◆ AVAILABLE DATA
-------------------------

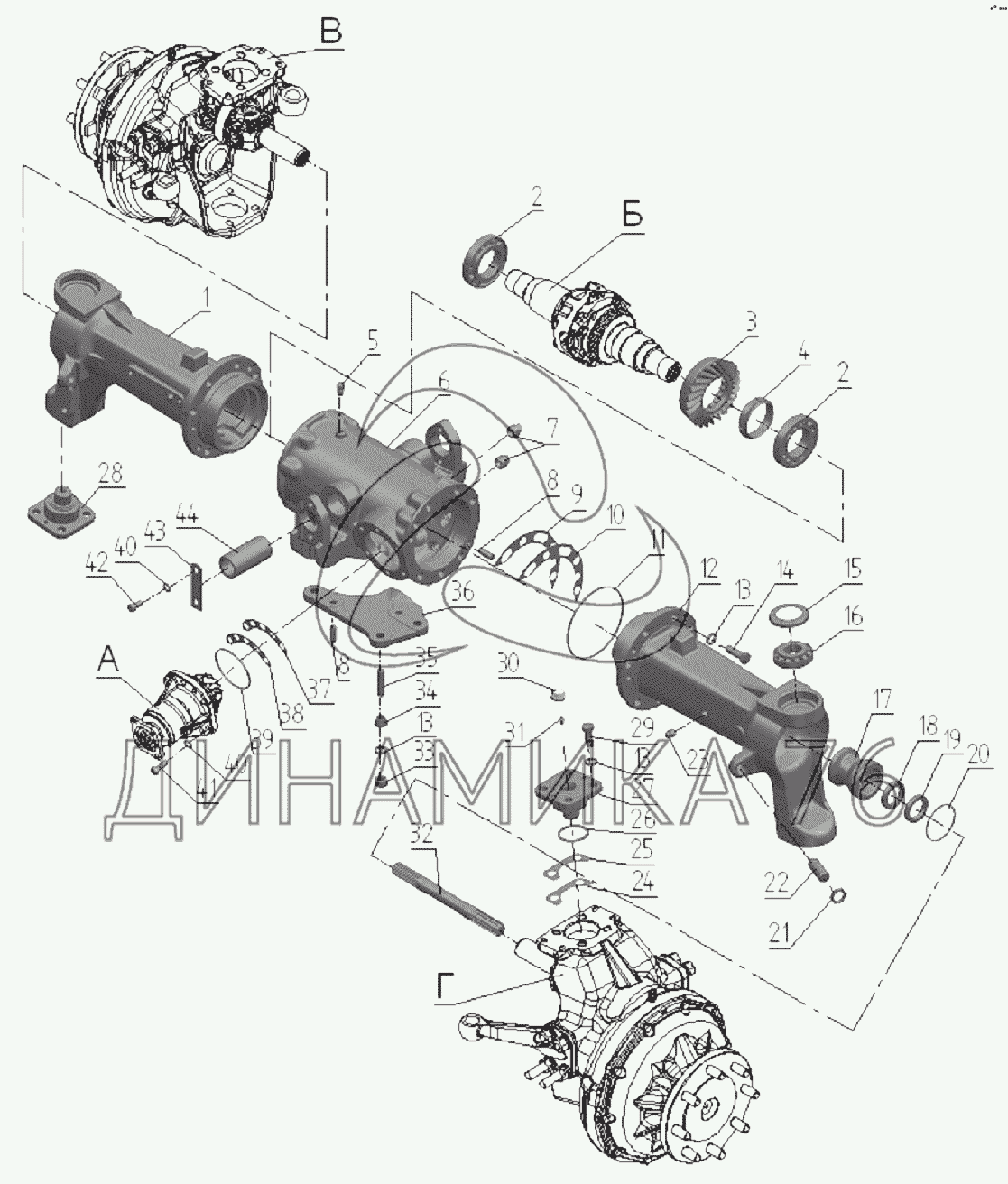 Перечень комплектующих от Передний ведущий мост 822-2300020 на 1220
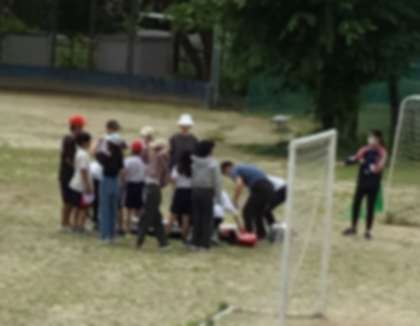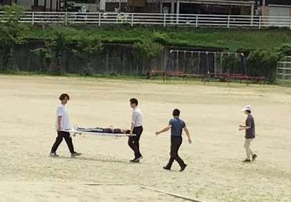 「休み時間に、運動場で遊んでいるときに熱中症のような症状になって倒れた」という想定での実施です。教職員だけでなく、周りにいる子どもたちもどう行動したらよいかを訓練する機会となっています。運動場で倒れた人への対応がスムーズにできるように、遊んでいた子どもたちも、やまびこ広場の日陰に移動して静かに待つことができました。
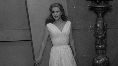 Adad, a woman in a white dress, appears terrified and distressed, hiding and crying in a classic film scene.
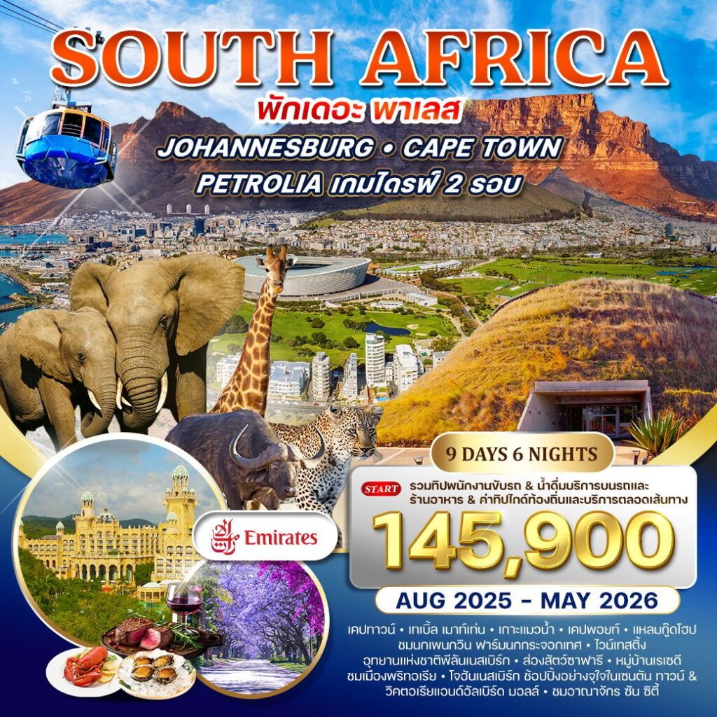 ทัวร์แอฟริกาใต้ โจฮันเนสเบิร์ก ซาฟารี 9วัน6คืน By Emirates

-------------------------

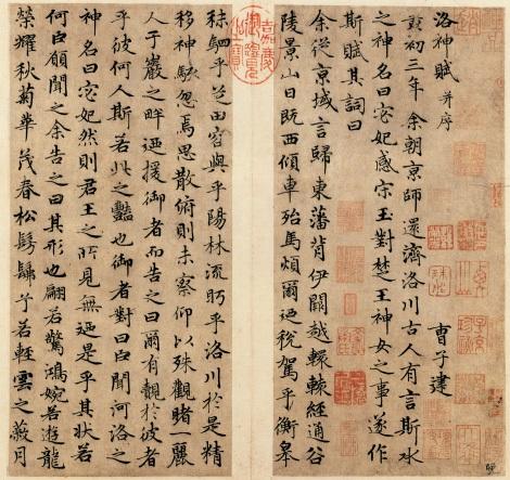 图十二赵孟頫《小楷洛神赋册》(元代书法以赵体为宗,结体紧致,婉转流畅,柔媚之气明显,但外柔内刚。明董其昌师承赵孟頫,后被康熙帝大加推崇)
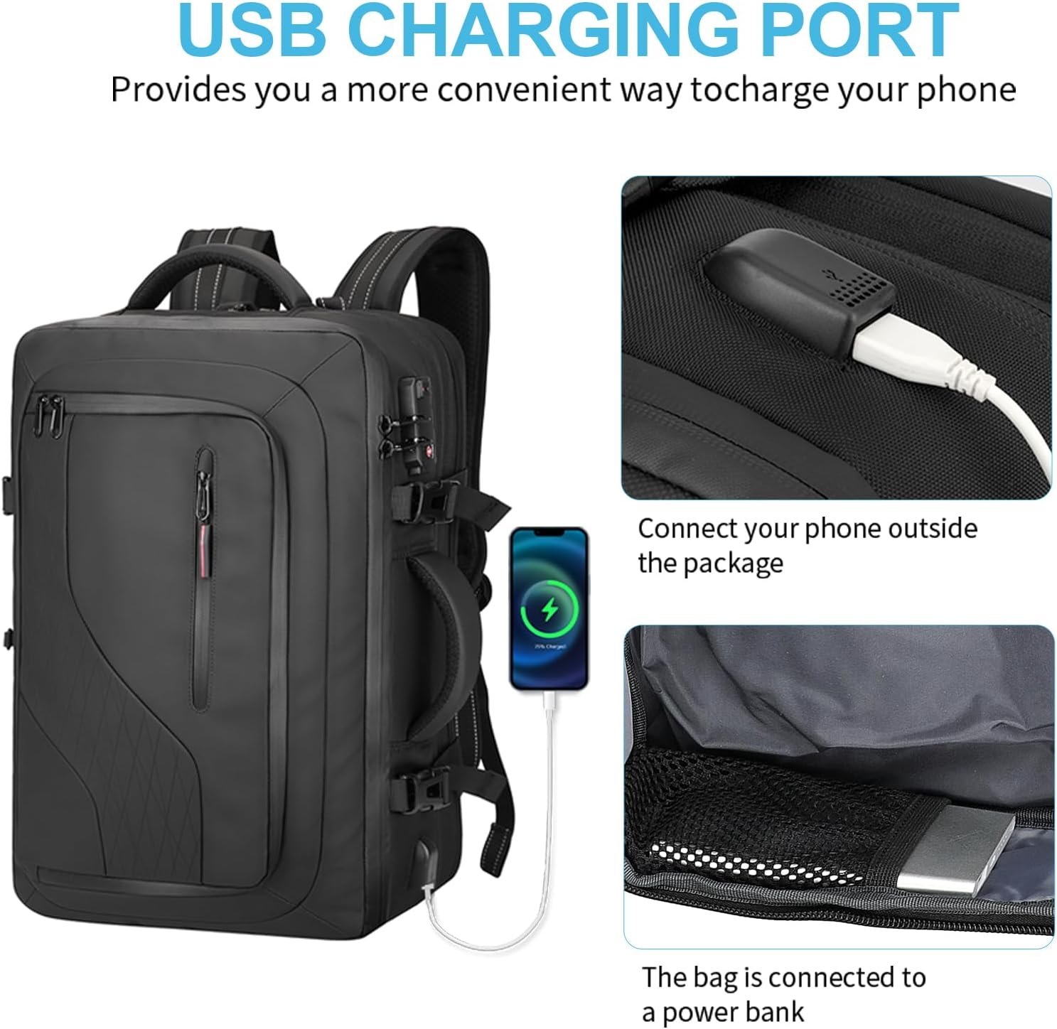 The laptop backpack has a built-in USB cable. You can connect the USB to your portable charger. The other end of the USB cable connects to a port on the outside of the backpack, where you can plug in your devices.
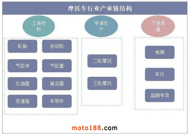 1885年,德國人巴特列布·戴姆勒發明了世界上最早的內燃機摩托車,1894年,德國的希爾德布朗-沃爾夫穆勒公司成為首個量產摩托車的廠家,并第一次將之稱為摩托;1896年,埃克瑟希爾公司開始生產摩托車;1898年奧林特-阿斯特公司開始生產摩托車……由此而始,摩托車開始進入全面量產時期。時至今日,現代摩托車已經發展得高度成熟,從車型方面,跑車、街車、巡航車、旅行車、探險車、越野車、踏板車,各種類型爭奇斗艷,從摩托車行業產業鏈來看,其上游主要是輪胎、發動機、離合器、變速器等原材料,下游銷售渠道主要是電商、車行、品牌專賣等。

-------------------------

◆ AIM OF THE EXERCISE
What should come back is an exact copy of the lines above from the line with "Перечень комплектующих от" to the line with "ทัวร์แอฟริกาใต้ โจฮันเนสเบิร์ก ซาฟารี", both included, minus the pictures.

◆ SOLUTION TO THE PROBLEM
 Перечень комплектующих от Передний ведущий мост 822-2300020 на 1220
 「休み時間に、運動場で遊んでいるときに熱中症のような症状になって倒れた」という想定での実施です。教職員だけでなく、周りにいる子どもたちもどう行動したらよいかを訓練する機会となっています。運動場で倒れた人への対応がスムーズにできるように、遊んでいた子どもたちも、やまびこ広場の日陰に移動して静かに待つことができました。
 Adad, a woman in a white dress, appears terrified and distressed, hiding and crying in a classic film scene.
 ทัวร์แอฟริกาใต้ โจฮันเนสเบิร์ก ซาฟารี 9วัน6คืน By Emirates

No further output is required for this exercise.